I remember quite vividly one autumn day when I was in the fourth grade. Out of the blue, my mother barked at me that she did not want me and my father did not want me, so she was stuck with me. There was not much I could say after that little declaration, so I just said nothing. To be honest, I very rarely ever replied to my mother’s outbursts. If I retorted it would only bring more abuse. If I said nothing, however, maybe she would tire of the abuse and stop.

While I was still in the 4th grade my mother derisively told my sister that I was warped. I have no doubt she expressed those sentiments to other family members because years later my brother’s wife at the time informed me that I had a “warped perspective” when we were merely having an innocent conversation about university education.

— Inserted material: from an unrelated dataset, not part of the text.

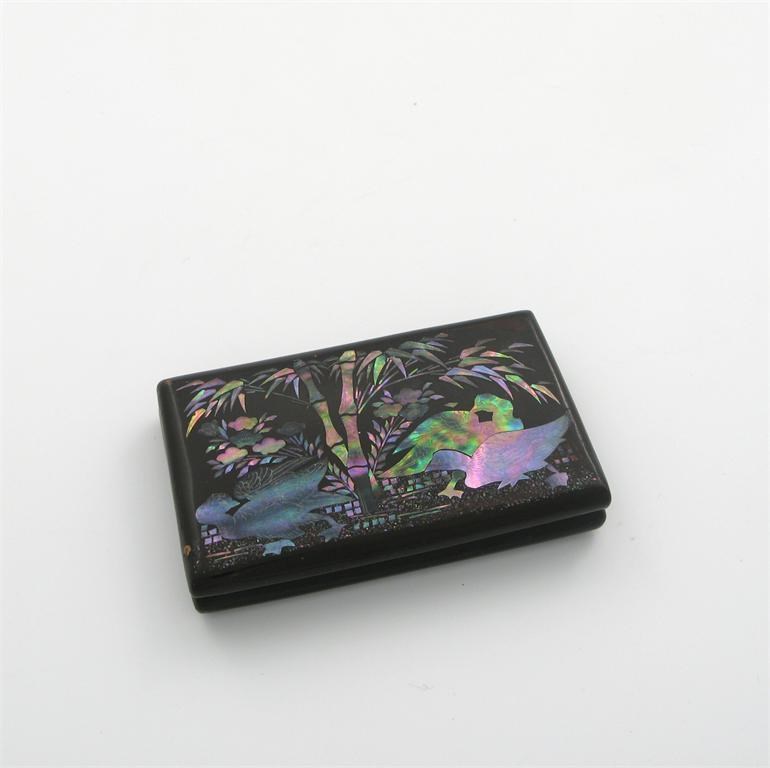 rectangular form, the hinged cover with mother-of-pearl birds in a landscape scene, the base with similar decoration, length 7.8cm.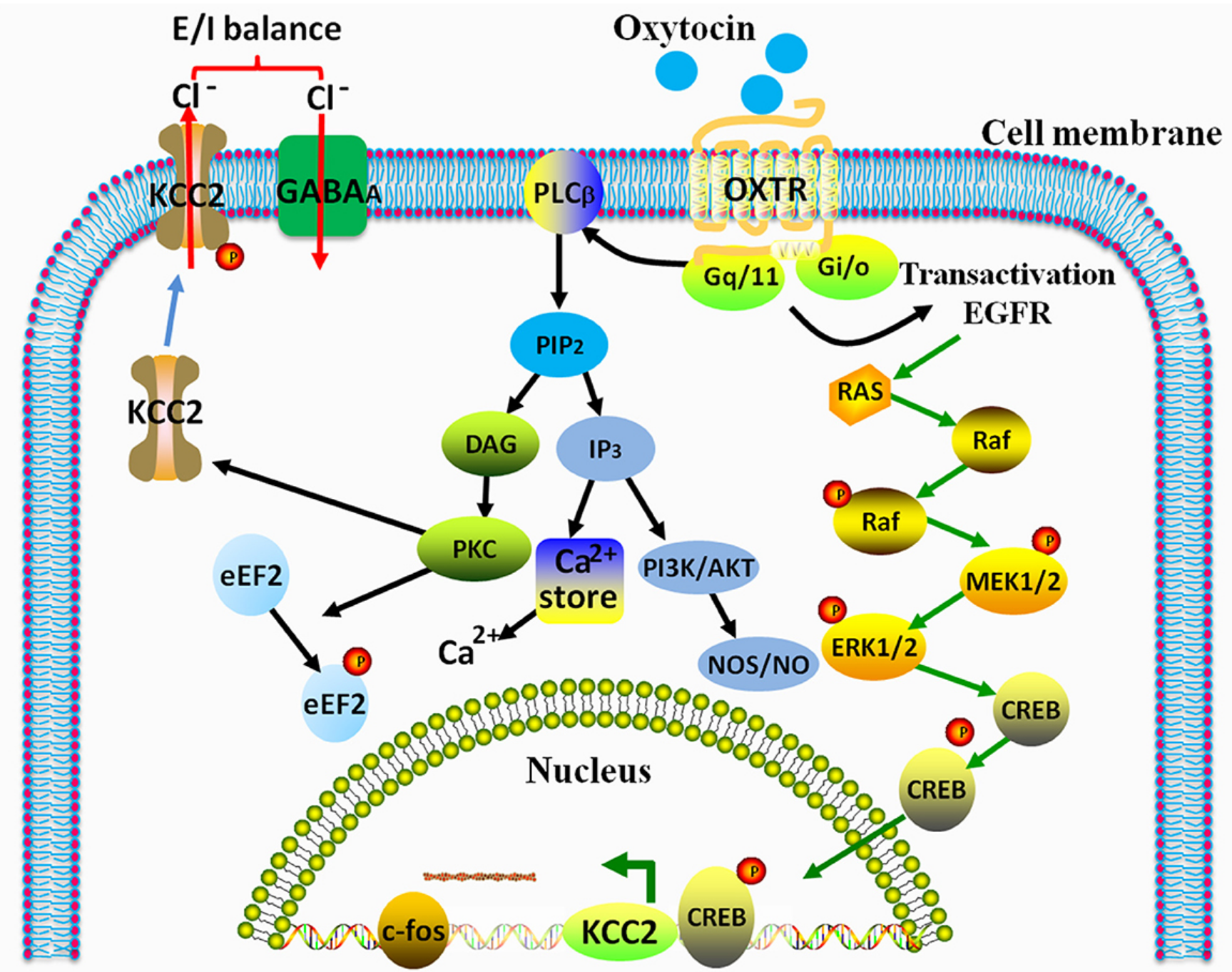 催產(chǎn)素(OXT)是大腦中由下丘腦室旁核(PVN)和視上核(SON)產(chǎn)生的神經(jīng)肽,主要作為外周系統(tǒng)中的激素,可促進(jìn)母乳喂養(yǎng)時(shí)的乳汁分泌,調(diào)節(jié)分娩時(shí)的子宮收縮,緩解疼痛和促進(jìn)分娩過程,促進(jìn)傷口愈合。此外,中樞神經(jīng)系統(tǒng)(CNS)中的 OXT 系統(tǒng)在社會認(rèn)可、社交行為、焦慮相關(guān)行為和自主神經(jīng)功能中起著重要作用,例如母體行為、攻擊性、交配、依戀和性行為。除了促社會效應(yīng)外,OXT 還被確定為大腦中重要的抗應(yīng)激和抗焦慮因子,通過其靶受體(催產(chǎn)素受體,OXTR)激活細(xì)胞內(nèi) MEK/ERK 信號傳導(dǎo)。

When I was 13 or 14 years old, my mother came home quite abruptly from one of her many nights out on the town. My sister squealed about something insignificant and my mother screamed at her that she was a “fucking bitch”. There was not much that either of us could say after our mother had called us such offensive names. It was very difficult for us to establish any kind of decent rapport when the only things that she could say to us were derisive in nature.

My mother also failed to protect me from harm. She worked as a hairdresser and owned her own beauty shop, and was a pretty successful business woman in Little Rock. I was being bullied at school by the daughters of one of her customers. Instead of my mother doing the decent thing and telling the bully’s mother that she would have to find another hairdresser as long as her daughter was behaving in a threatening way, she continued to cut the woman’s hair without a care in the world about how I felt.

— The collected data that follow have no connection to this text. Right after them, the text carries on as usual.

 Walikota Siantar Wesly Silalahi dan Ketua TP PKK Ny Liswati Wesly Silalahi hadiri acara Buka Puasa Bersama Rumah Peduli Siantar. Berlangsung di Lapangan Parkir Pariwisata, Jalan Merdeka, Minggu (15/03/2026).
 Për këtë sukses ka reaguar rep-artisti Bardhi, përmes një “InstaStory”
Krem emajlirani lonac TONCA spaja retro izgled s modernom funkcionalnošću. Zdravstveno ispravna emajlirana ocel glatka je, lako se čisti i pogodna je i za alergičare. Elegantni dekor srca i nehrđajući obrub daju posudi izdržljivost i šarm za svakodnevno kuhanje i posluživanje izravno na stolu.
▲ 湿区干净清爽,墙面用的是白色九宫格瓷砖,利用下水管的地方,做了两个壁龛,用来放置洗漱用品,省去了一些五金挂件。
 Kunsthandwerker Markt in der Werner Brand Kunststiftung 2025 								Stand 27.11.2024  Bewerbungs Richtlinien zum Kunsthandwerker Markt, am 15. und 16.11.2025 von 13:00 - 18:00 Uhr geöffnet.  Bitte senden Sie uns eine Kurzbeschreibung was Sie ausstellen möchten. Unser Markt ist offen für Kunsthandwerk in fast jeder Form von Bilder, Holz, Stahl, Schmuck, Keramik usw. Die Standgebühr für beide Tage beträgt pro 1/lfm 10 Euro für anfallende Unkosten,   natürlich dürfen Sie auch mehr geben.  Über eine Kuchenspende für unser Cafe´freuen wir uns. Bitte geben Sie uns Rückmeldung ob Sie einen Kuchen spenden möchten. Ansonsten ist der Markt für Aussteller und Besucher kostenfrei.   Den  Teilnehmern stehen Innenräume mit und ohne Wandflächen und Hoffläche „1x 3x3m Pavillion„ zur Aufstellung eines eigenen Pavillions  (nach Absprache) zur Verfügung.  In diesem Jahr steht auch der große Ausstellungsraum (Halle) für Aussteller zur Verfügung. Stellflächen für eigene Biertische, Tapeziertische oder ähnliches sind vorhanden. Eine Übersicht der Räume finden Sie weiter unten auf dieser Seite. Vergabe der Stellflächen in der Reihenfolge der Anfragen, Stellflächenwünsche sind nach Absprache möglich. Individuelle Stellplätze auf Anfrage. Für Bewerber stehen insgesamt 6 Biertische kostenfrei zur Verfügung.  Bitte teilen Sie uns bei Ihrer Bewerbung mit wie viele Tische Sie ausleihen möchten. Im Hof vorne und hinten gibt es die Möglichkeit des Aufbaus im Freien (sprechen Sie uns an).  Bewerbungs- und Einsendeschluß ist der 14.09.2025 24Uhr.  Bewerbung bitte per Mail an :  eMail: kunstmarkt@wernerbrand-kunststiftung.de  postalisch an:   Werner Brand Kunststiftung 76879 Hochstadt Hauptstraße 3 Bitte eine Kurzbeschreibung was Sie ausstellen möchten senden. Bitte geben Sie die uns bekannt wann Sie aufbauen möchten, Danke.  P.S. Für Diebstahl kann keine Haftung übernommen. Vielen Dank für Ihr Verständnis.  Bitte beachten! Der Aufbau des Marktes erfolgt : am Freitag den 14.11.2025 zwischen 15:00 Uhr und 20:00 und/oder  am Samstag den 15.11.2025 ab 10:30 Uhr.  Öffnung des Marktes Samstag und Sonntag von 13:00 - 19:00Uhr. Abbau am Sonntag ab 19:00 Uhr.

My mother was not concerned in the least about the fact that I could not even use the toilet at school because that is where the local bullies hung out. Her only concern was herself and she was not prepared to put forth even the slightest bit of effort to protect her child.

For reasons I do not understand, my mother took a dislike to my friends. When I was in the 7th grade I had two friends in particular, and my mother took a dislike to them even though she had never even met them. My mother actually went to great lengths to tell me not to play with them and to find other friends. She was never able to give me an adequate explanation as to why she did not want me to be friends with Linda and Sherry, so I stayed friends with them without my mother’s consent or approval. It was probably at that time that I stopped speaking to my mother about my friends because she was so critical of me and everything I did.

A couple of years later my friend Linda telephoned me and told me that her brother, who was gay, had told her that my mother was heavily involved in the lesbian and gay scene in Little Rock and was involved in a lesbian relationship with her “friend” Bobbie. Although I was shocked at the revelation, I was not surprised. For as long as I can remember, my mother has had really intense relationships with other women.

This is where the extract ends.